# Work to be completed
From the first line to the last, transcribe the data exactly and skip the pictures.

# Provided entries
= = =
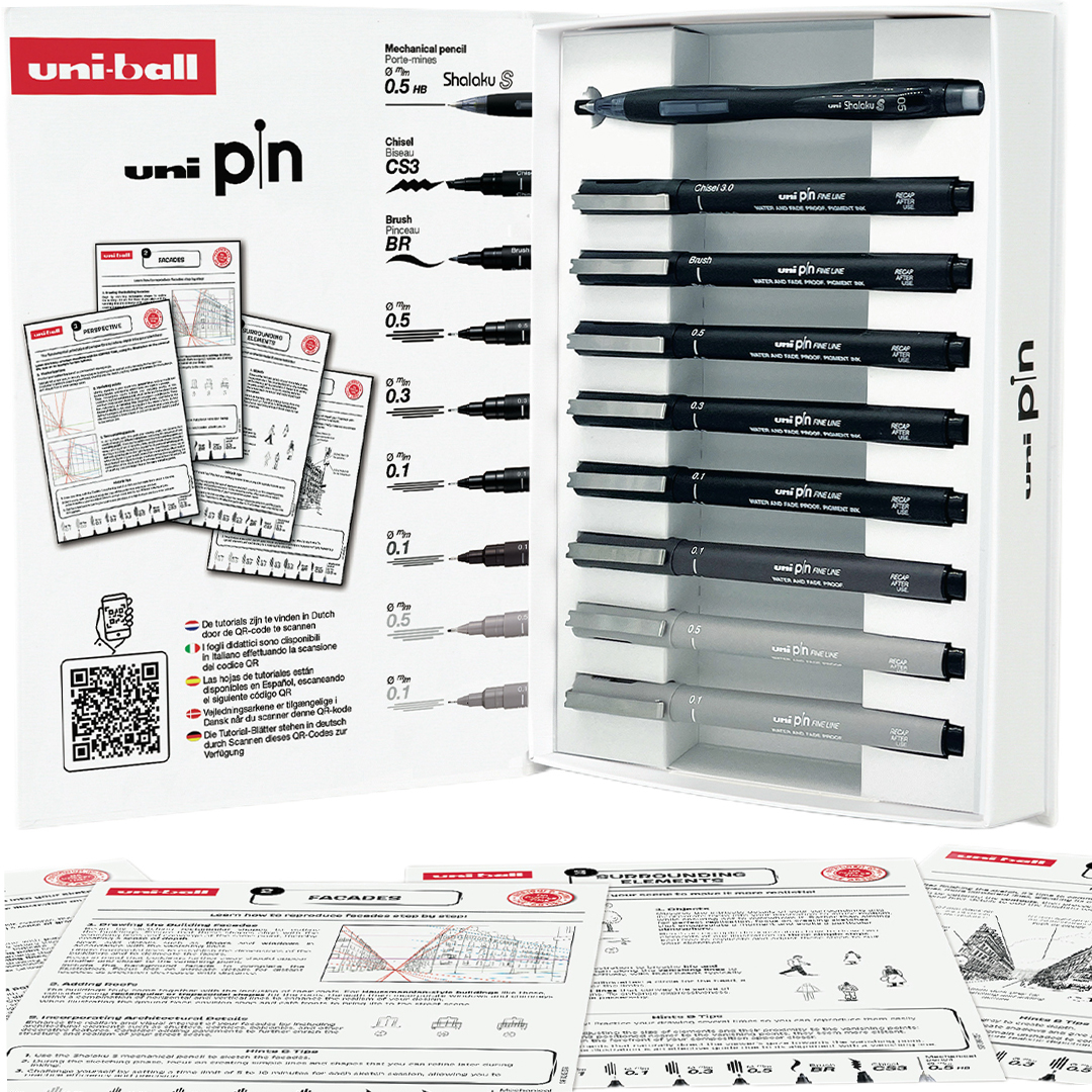 - 8 x Uni Pin Fine Line: Zwart 0,1 mm / 0,3 mm / 0,5 mm – Lichtgrijs 0,1 mm / 0,5 mm – Donkergrijs 0,1 mm – Zwarte brush pen en schuin afgesneden punt
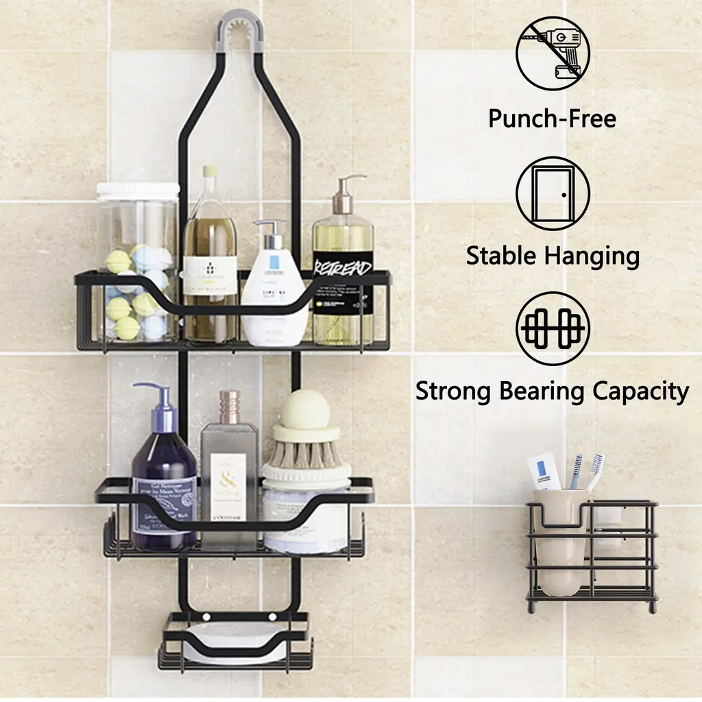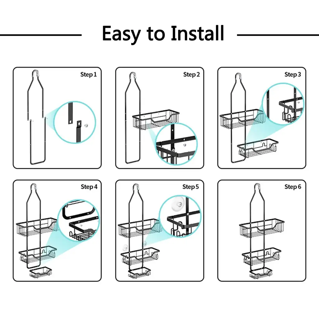 Hanging Shower Caddy Over Showerhead With Hooks Bathroom Shower Organizer Storage Rack - 4-Shelf
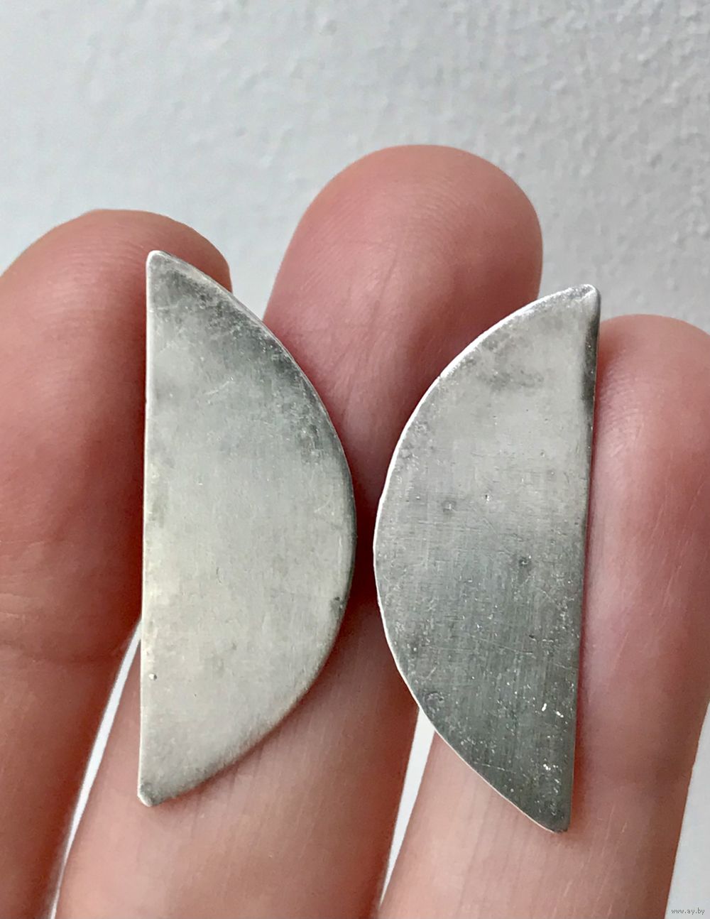 Крупные серьги из серебра (отметок нет, металл проверен в юв.мастерской). Ручная работа. Размер серьги 3,2х1,2см. Состояние хорошее.
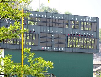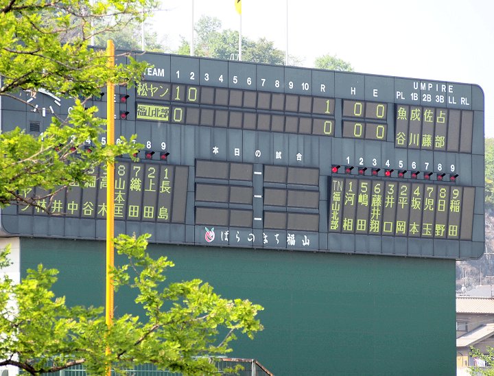 ゴンchanと通りがかりにスコアボードに眼を向けますと、「松永ヤンキース×福山北部野球団」の熱戦中でありました。
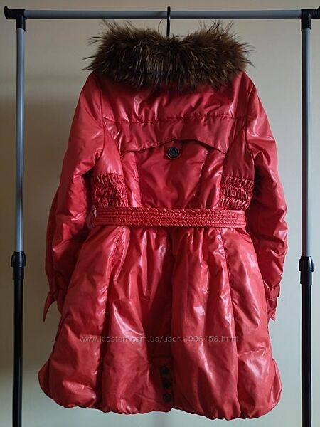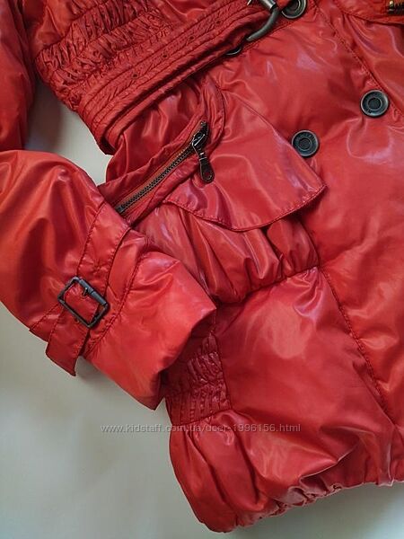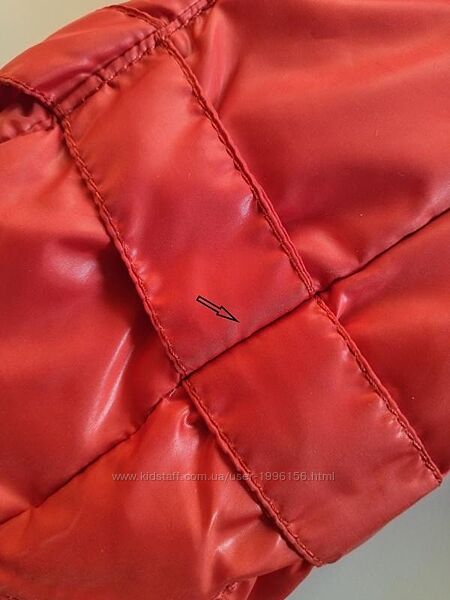 Є нюанси, подекуди залишилися невеликі сліди забруднення, приклад показано на останньому фото. Курточкака з хутряним коміром (достовірно що за хутро не знаю), комір відстібається, без капюшона, застібається на кнопки. Шия V подібна, тому потрібен буде шарфик. Спереду дві кишені декоровані блисківками. Ззаду куртка декорована кнопками, одна в області спини та три знизу. Розмір вказано 40 (розмірна сітка якої країни малась на увазі невідомо). Орієнтовно буде на S розмір. Весь одяг зберігається у складеному вигляді, потрібно буде відпарити чи прогладити (якщо це передбачено виробником).
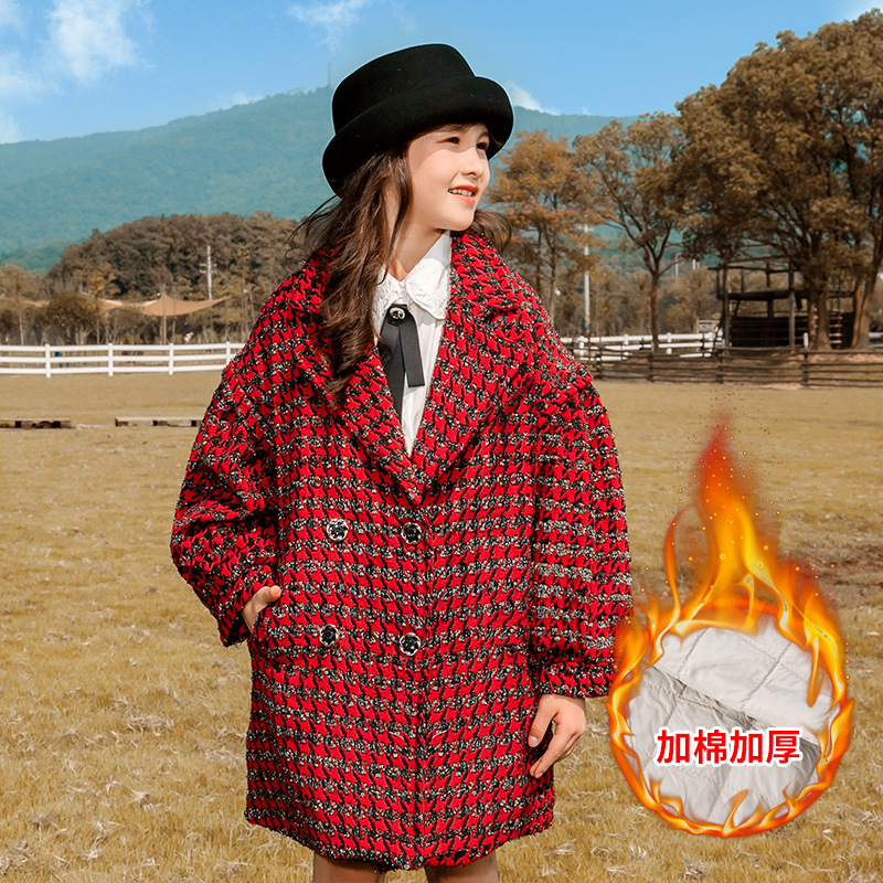 여아 격자 무늬 코트 2025 가을 겨울 새로운 스타일 아동용 물떼새 격자 두꺼운 누비 양털 코트 중대형 어린이스토어 가기
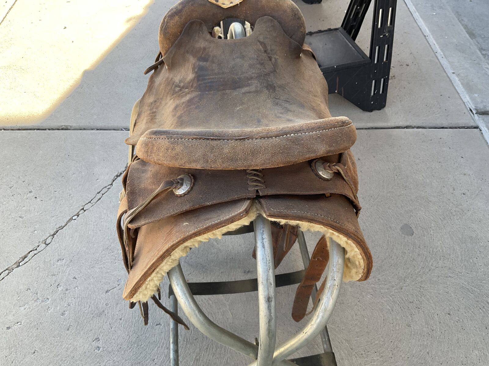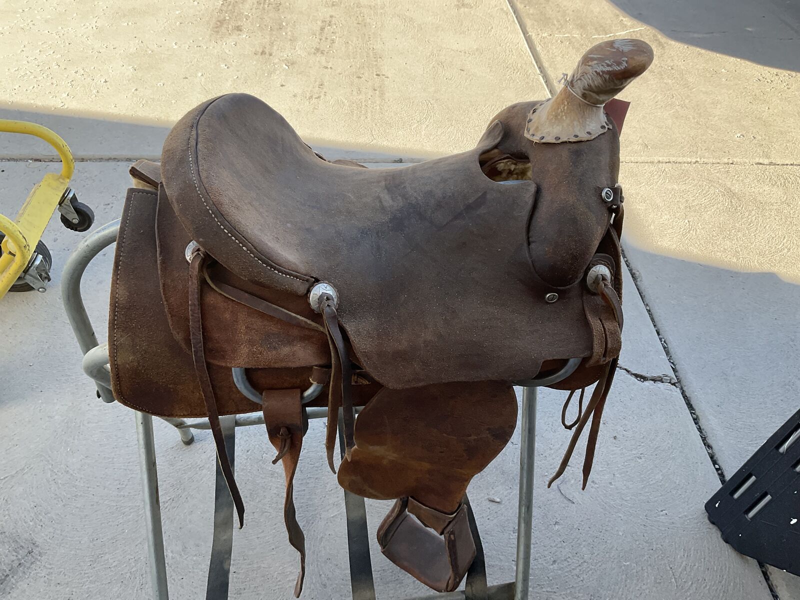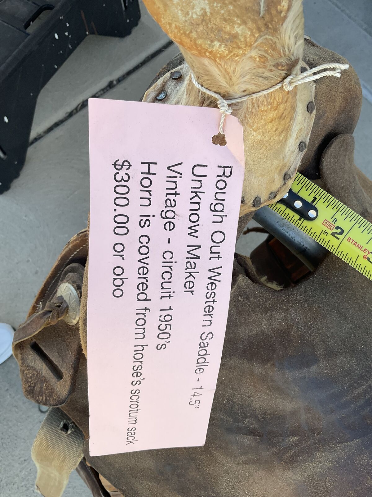 Orginal Western Saddle - Orginial (some have been replaced). Saddle horn is covered with a tanned horse scrotum. Perfect for your collectio, display or just to ride in. $300.00 - cash / text message/ located in Sandy. Happy Trails
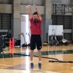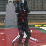 CUE3は昨シーズンの2月27日にA東京加入が発表された、狙ったシュートは外さない初代『CUE(キュー)』の進化版。初代は台座の上に乗っていたが、2代目『CUE2(キューツー)』はしっかりと2本足で自立し、シュートエリアもペイント内から3ポイントエリアに伸びた。CUE3のシュートエリアは、CUE2と同じ3ポイントライン付近。だが、通常のシュートに加え、より高い弧を描くシュートとバンクショットが打てるようになった。また、これまでは右手にボールをセットして、そのまま右手でシュートを放っていたが、CUE3はまず左手でボールを持ち、そこから右手に持ち替えてシュートを打つようになった。開発担当者の野見知弘氏は、この理由について「夢のまた夢の話ですけど、2020年のBリーグオールスターに(CUEが)出たいと思っています。1分の間に5カ所からシュートをしなくてはならないので、それを可能にするための要素技術を検討しているという感じです。これからも持ち方は変わってくると思います」と説明した。
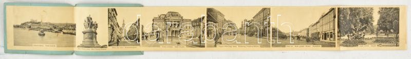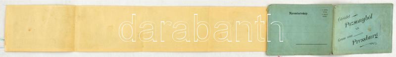 Pozsony, Pressburg, Bratislava; Üdvözlő leporello 6 lappal: Frigyes főherceg utca, Mihály kapu utca, Városi színház, Vásártér, Liget. Bediene dich allein / 6-tiled greeting leporello: streets, squares, theatre, park, shops (kis szakadások / tears)
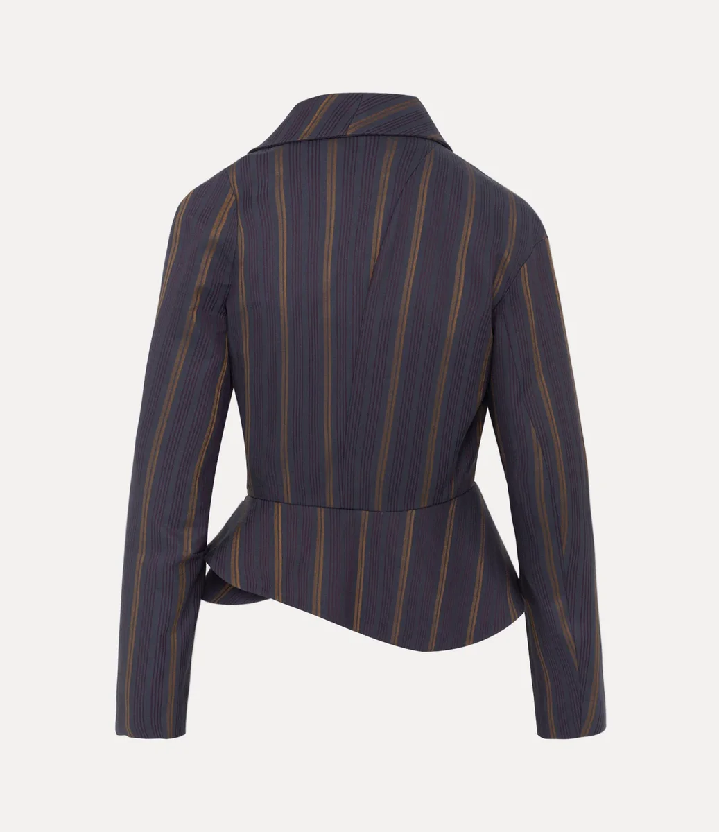 Confectionnée dans un mélange de coton doux, notre veste Stormy présente une base bleu marine avec de fines rayures verticales dorées et bordeaux, encadrées par un col châle drapé. De délicates pinces soulignent la taille et tombent en un ourlet sculpté, tandis qu’un motif ludique « Coffee Stain » accentue l’intérieur.
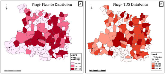 - Fluoride (F−): Fluoride is a monatomic anion found naturally in water with the chemical formula F⁻. Fluoride is primarily sourced from water in the human diet. Therefore, much of the difference in total fluoride intake is dependent on the compositional variability of water [47]. The existence of fluoride in groundwater is generally dissolved from geological formation [48]. While excessive intake of fluoride is often associated with dental fluorosis, excessive exposure to fluoride may lead to crippled skeletal fluorosis [49]. However, in the case of fluoride, the excess and deficiency both can be detrimental to human health; therefore, its optimum consumption is essential for balanced growth. The optimal intake of fluoride accepted widely ranges from 0.05 to 0.07 mg/kg of the total body weight [50]. It was observed that the Phagi region has an overall higher concentration of fluoride, which ranged between 1.66 to 8.60 mg/L, and was way above the BSI prescribed standards (fluoride 1.0 mg/L) for drinking water in India. The fluoride concentration was highest in the Central and North Eastern region with more than a 3.90 mg/L concentration. More than 70% of the study area is badly affected by fluoride in drinking water (Figure 4A).
= = =
# Output for this task
 - 8 x Uni Pin Fine Line: Zwart 0,1 mm / 0,3 mm / 0,5 mm – Lichtgrijs 0,1 mm / 0,5 mm – Donkergrijs 0,1 mm – Zwarte brush pen en schuin afgesneden punt
 Hanging Shower Caddy Over Showerhead With Hooks Bathroom Shower Organizer Storage Rack - 4-Shelf
 Крупные серьги из серебра (отметок нет, металл проверен в юв.мастерской). Ручная работа. Размер серьги 3,2х1,2см. Состояние хорошее.
 ゴンchanと通りがかりにスコアボードに眼を向けますと、「松永ヤンキース×福山北部野球団」の熱戦中でありました。
 Є нюанси, подекуди залишилися невеликі сліди забруднення, приклад показано на останньому фото. Курточкака з хутряним коміром (достовірно що за хутро не знаю), комір відстібається, без капюшона, застібається на кнопки. Шия V подібна, тому потрібен буде шарфик. Спереду дві кишені декоровані блисківками. Ззаду куртка декорована кнопками, одна в області спини та три знизу. Розмір вказано 40 (розмірна сітка якої країни малась на увазі невідомо). Орієнтовно буде на S розмір. Весь одяг зберігається у складеному вигляді, потрібно буде відпарити чи прогладити (якщо це передбачено виробником).
 여아 격자 무늬 코트 2025 가을 겨울 새로운 스타일 아동용 물떼새 격자 두꺼운 누비 양털 코트 중대형 어린이스토어 가기
 Orginal Western Saddle - Orginial (some have been replaced). Saddle horn is covered with a tanned horse scrotum. Perfect for your collectio, display or just to ride in. $300.00 - cash / text message/ located in Sandy. Happy Trails
 CUE3は昨シーズンの2月27日にA東京加入が発表された、狙ったシュートは外さない初代『CUE(キュー)』の進化版。初代は台座の上に乗っていたが、2代目『CUE2(キューツー)』はしっかりと2本足で自立し、シュートエリアもペイント内から3ポイントエリアに伸びた。CUE3のシュートエリアは、CUE2と同じ3ポイントライン付近。だが、通常のシュートに加え、より高い弧を描くシュートとバンクショットが打てるようになった。また、これまでは右手にボールをセットして、そのまま右手でシュートを放っていたが、CUE3はまず左手でボールを持ち、そこから右手に持ち替えてシュートを打つようになった。開発担当者の野見知弘氏は、この理由について「夢のまた夢の話ですけど、2020年のBリーグオールスターに(CUEが)出たいと思っています。1分の間に5カ所からシュートをしなくてはならないので、それを可能にするための要素技術を検討しているという感じです。これからも持ち方は変わってくると思います」と説明した。
 Pozsony, Pressburg, Bratislava; Üdvözlő leporello 6 lappal: Frigyes főherceg utca, Mihály kapu utca, Városi színház, Vásártér, Liget. Bediene dich allein / 6-tiled greeting leporello: streets, squares, theatre, park, shops (kis szakadások / tears)
 Confectionnée dans un mélange de coton doux, notre veste Stormy présente une base bleu marine avec de fines rayures verticales dorées et bordeaux, encadrées par un col châle drapé. De délicates pinces soulignent la taille et tombent en un ourlet sculpté, tandis qu’un motif ludique « Coffee Stain » accentue l’intérieur.
 - Fluoride (F−): Fluoride is a monatomic anion found naturally in water with the chemical formula F⁻. Fluoride is primarily sourced from water in the human diet. Therefore, much of the difference in total fluoride intake is dependent on the compositional variability of water [47]. The existence of fluoride in groundwater is generally dissolved from geological formation [48]. While excessive intake of fluoride is often associated with dental fluorosis, excessive exposure to fluoride may lead to crippled skeletal fluorosis [49]. However, in the case of fluoride, the excess and deficiency both can be detrimental to human health; therefore, its optimum consumption is essential for balanced growth. The optimal intake of fluoride accepted widely ranges from 0.05 to 0.07 mg/kg of the total body weight [50]. It was observed that the Phagi region has an overall higher concentration of fluoride, which ranged between 1.66 to 8.60 mg/L, and was way above the BSI prescribed standards (fluoride 1.0 mg/L) for drinking water in India. The fluoride concentration was highest in the Central and North Eastern region with more than a 3.90 mg/L concentration. More than 70% of the study area is badly affected by fluoride in drinking water (Figure 4A).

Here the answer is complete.